Thursday, 18 December 2014
Andrew Ronald Friedman, Institut Pierre Simon Laplace - IPSL / LOCEAN, Paris, France, Shih-Yu Lee, Academia Sinica, Taipei, Taiwan, Yuwei Liu, Stanford University, Earth Sciences, Stanford, CA, United States and John C H Chiang, Univ California, Berkeley, CA, United States
The global north–south interhemispheric sea surface temperature (SST) difference experienced a pronounced and rapid decrease in the late 1960s, which has been linked to drying in the Sahel, South Asia, and East Asia. However, some basic questions about the interhemispheric SST shift remain unresolved, including its scale and whether the constituent changes in different basins were coordinated. In this study, we systematically investigate the spatial and temporal behavior of the late-1960s interhemispheric SST shift using ocean surface and subsurface observations. We also evaluate potential mechanisms using control and specific-forcing CMIP5 simulations.

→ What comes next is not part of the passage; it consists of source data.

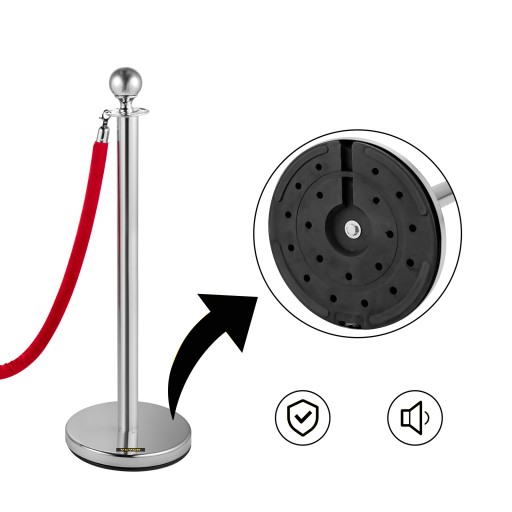 Gumowy ochraniacz podłogi zapobiega zarysowaniu powierzchni podłogi i zwiększa antypoślizgowość pomiędzy słupkiem a podłogą. Dzięki temu post będzie bardziej stabilny. Ciężka metalowa rama zapobiega jej przewracaniu się.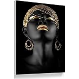 Cyalla Afrikanische Frau Mit Einem Gold Kopftuch Wandkunst Leinwand Gemalde Moderne Schwarze Madchen Pop Art Dekorative Leinwand Fur Wohnzimmer 60x80 Cm Amazon De Baumarkt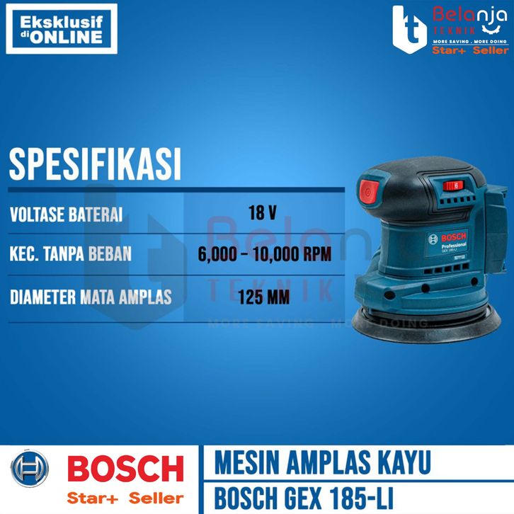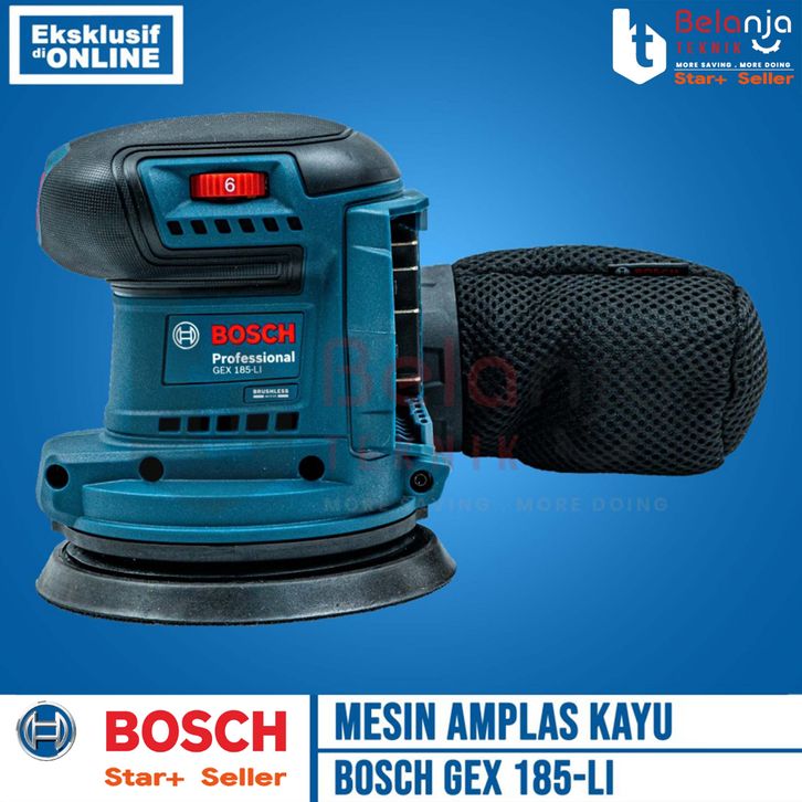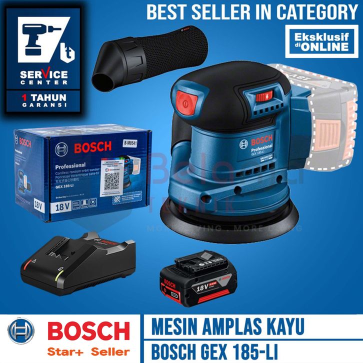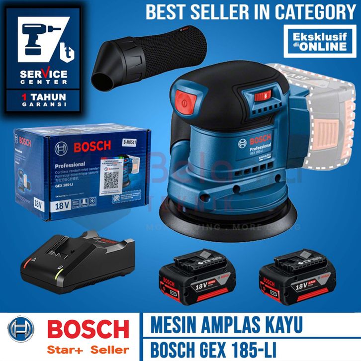 Bosch Mesin Amplas Kayu Baterai GEX 185-LI Orbital Sander 5 In Set 18V 4 AH

Using a regime shift detection technique, we identify the late-1960s shift as the most prominent in the historical observational SST record. We additionally examine the corresponding changes in upper-ocean heat content and salinity associated with the shift. We find that there were coordinated upper-ocean cooling and freshening in the subpolar North Atlantic, the region of the largest-magnitude SST decrease during the interhemispheric shift. These upper-ocean changes correspond to a weakened North Atlantic thermohaline circulation (THC). However, the THC decrease does not fully account for the rapid global interhemispheric SST shift, particularly the warming in the extratropical Southern Hemisphere.